Local coding assistants are at maybe 40-60% of Claude Code capability for complex tasks. Single-file edits, refactoring, debugging, test writing — fine. “Build me a full authentication system across 12 files in one session” — not fine. Qwen 2.5 Coder 32B matches GPT-4o on benchmarks, but benchmarks aren’t multi-file architectural reasoning.
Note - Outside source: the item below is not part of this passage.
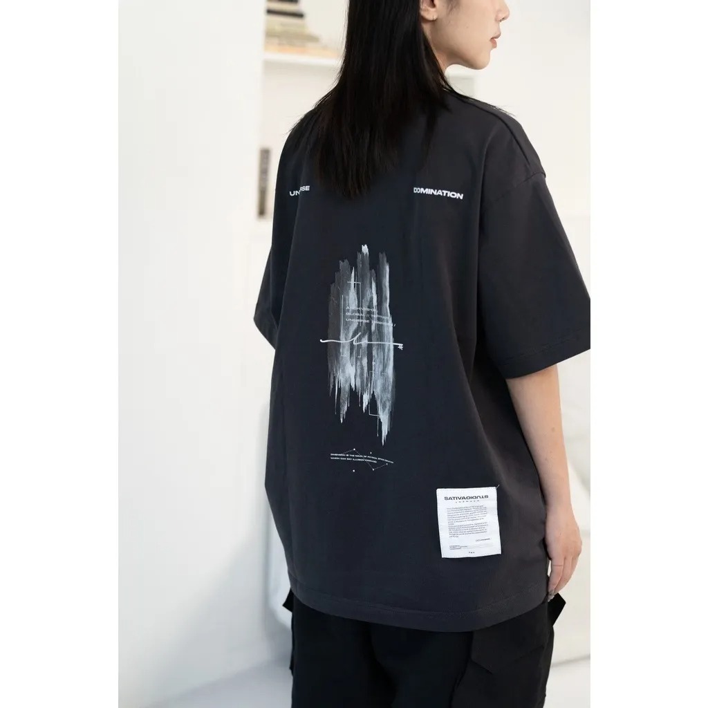 本次作品採用100% Cotton透氣舒適純棉,設計理念源自於“UG-01”概念,以石墨筆刷質地的無機物作為主視覺,意在重新解釋虛無與幻覺、時間與空間之間的意象與定義,並以品牌Tagline貫徹其中,使其產生連結;肩部視覺沿用”UG-01”圖樣設計,象徵萬物之間的延續,輔以品牌泰維克標作為點綴;正面字樣採未來科技感LOGO設計,實現時空與未來之間的悖論與衝擊,側邊文字排版給予穿搭上不同的層次體驗,概念為主體,穿搭感為客體,主客融為一體,重新詮釋。
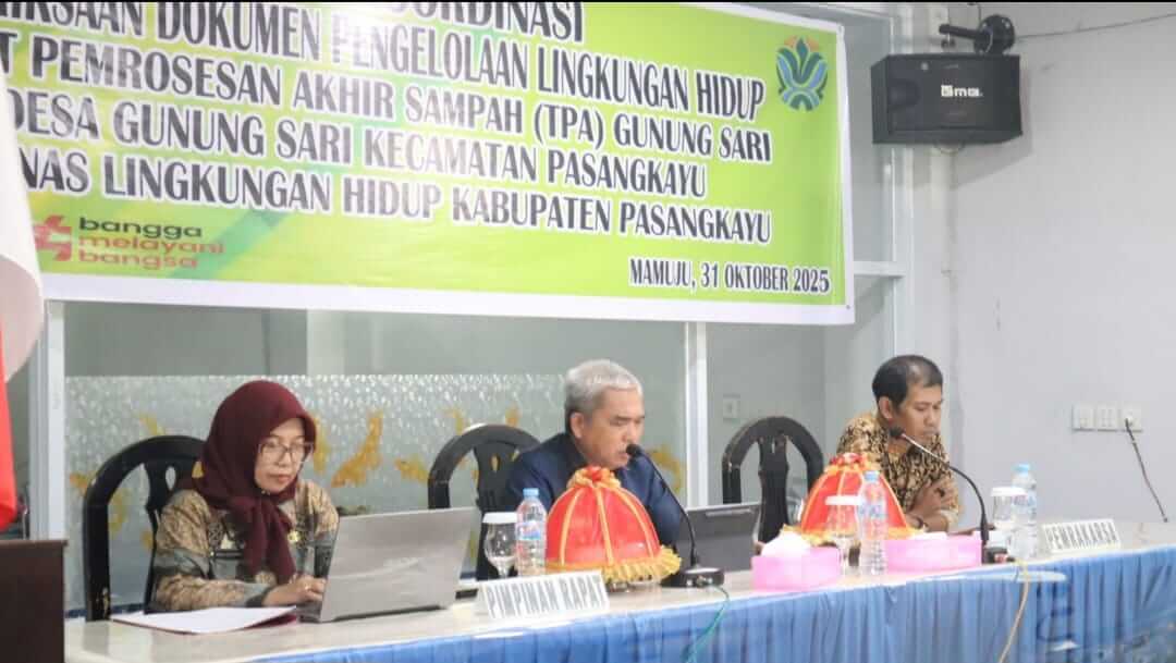 Mamuju — Dinas Lingkungan Hidup (DLH) Provinsi Sulawesi Barat (Sulbar) menggelar Rapat Koordinasi (Rakor) Pemeriksaan Dokumen Pengelolaan Lingkungan Hidup (DPLH) untuk Tempat Pemrosesan Akhir (TPA) Sampah di Desa Gunung Sari, Kabupaten Pasangkayu.

Image generation on Apple Silicon is slow. FLUX.1 Schnell takes 30-60 seconds per image on M4 Pro. If your workflow generates 20+ images per session, you’ll feel it. A $700 used RTX 3090 cuts that to 5-10 seconds.

Package managers need internet. npm, pip, Homebrew — they all phone home. You can cache with Verdaccio (npm) or pre-download bottles (Homebrew), but it’s maintenance overhead you don’t have today.

Documentation and search are the silent dependency. Stack Overflow, MDN, Apple Developer docs — you don’t realize how often you reach for them until you can’t. Pre-downloading docs is possible but tedious. This might be the hardest thing to replace.

The framework, not the answer

The specific models and prices in this post will age. The framework won’t:

  1. Audit every cloud dependency
  2. Identify the local replacement with specific hardware requirements
  3. Price the hardware honestly
  4. Be honest about what doesn’t work yet
  5. Update the audit every time you add a new dependency

I keep a living document that gets updated every time I touch the stack. When a dependency changes, the offline alternative gets re-evaluated. It’s not a one-time exercise — it’s a habit.

The goal isn’t to go offline tomorrow. It’s to know that you could.


This is Part 1 of the Off the Grid series. Next up: actually running the dev workflow offline for a week and documenting what breaks.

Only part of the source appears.